What you need to do => Find the lines below holding the word "sich" and copy each of them.

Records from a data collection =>

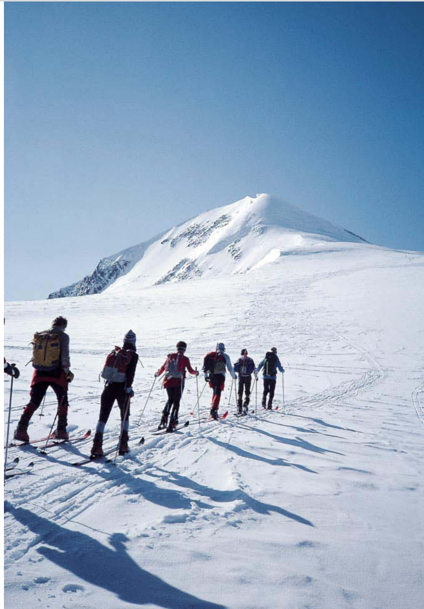
Gruppe beim Aufstieg zum Similaun, den Gipfel bereits im Blickfeld.

Die Abfahrt folgt dem Anstiegsweg. Es gibt aber anspruchsvollere Varianten. Etwas schwieriger ist die Abfahrt, wenn man sich rechts hält und über den östlichen Lappen des Niederjochfernens abfährt (Vorsicht, Spalten!). Eine sehr schwierige Abfahrt (Schwierigkeit »schwarz«) beginnt auf dem Gipfel, von dem man nach Osten über den Grafferner zum Similaunjoch abfährt. Die ersten 200 Hm sind ungewöhnlich steil! Vom Joch quert man über den flachen Gletscher ansteigend zur Mittleren Marzellspitze, 2532 m. Über den Nordostgrat (Firn, Blockwerk, Ski tragen) ins Marzelljoch, 3450 m, kurz hinunter und Richtung Nord zum üblichen Anstieg zur Hinteren Schwärze (meist viele Spuren) queren. Abfahrt über den Marzellferner (gefährliche Spalten!), dann unterhalb des Marzellkamms im Bogen zum Niederjochbach und zur Hütte.
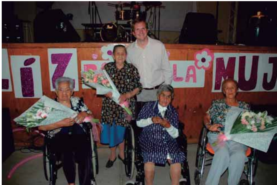
Actividad Masiva del Día de la Madre
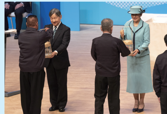
稚魚等のお手渡し
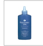
薬用エマルジョンクレンズ

●乾性頭皮用クレンジング。頭皮をマイルドなエマルジョンでマッサージすることで、スッキリと皮脂や汚れを落とします。
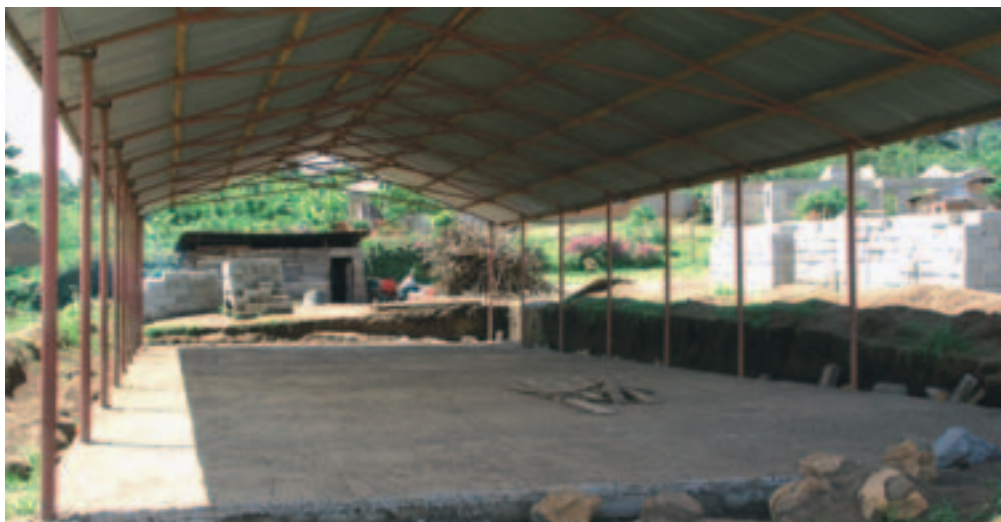
Nylagt betongulv i den nye spisesal
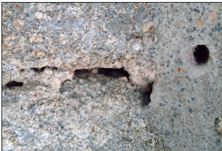
ABBILDUNG 2. Westfassade; Stelle mit fehlendem Verputz in der Fuge und einer Fugenkittung von 1972, das Bohrloch darin entstammt dem - nicht geglückten - Versuch des Gerüstbauers an dieser Stelle das Gerüst an der Fassade zu verankern

Die Situation erklärt sich dadurch, daß die Quader ursprünglich nur auf Mörtelportionen versetzt wurden und der Turm anschließend insgesamt verputzt worden war - ein gezieltes Schließen von Fugentiefen also nicht erfolgte. In zeichnerischen Darstellungen der Burg ist ein Verputz bis in den Beginn des 20. Jahrhunderts nachweisbar.

Your solution =>
Die Abfahrt folgt dem Anstiegsweg. Es gibt aber anspruchsvollere Varianten. Etwas schwieriger ist die Abfahrt, wenn man sich rechts hält und über den östlichen Lappen des Niederjochfernens abfährt (Vorsicht, Spalten!). Eine sehr schwierige Abfahrt (Schwierigkeit »schwarz«) beginnt auf dem Gipfel, von dem man nach Osten über den Grafferner zum Similaunjoch abfährt. Die ersten 200 Hm sind ungewöhnlich steil! Vom Joch quert man über den flachen Gletscher ansteigend zur Mittleren Marzellspitze, 2532 m. Über den Nordostgrat (Firn, Blockwerk, Ski tragen) ins Marzelljoch, 3450 m, kurz hinunter und Richtung Nord zum üblichen Anstieg zur Hinteren Schwärze (meist viele Spuren) queren. Abfahrt über den Marzellferner (gefährliche Spalten!), dann unterhalb des Marzellkamms im Bogen zum Niederjochbach und zur Hütte.
Die Situation erklärt sich dadurch, daß die Quader ursprünglich nur auf Mörtelportionen versetzt wurden und der Turm anschließend insgesamt verputzt worden war - ein gezieltes Schließen von Fugentiefen also nicht erfolgte. In zeichnerischen Darstellungen der Burg ist ein Verputz bis in den Beginn des 20. Jahrhunderts nachweisbar.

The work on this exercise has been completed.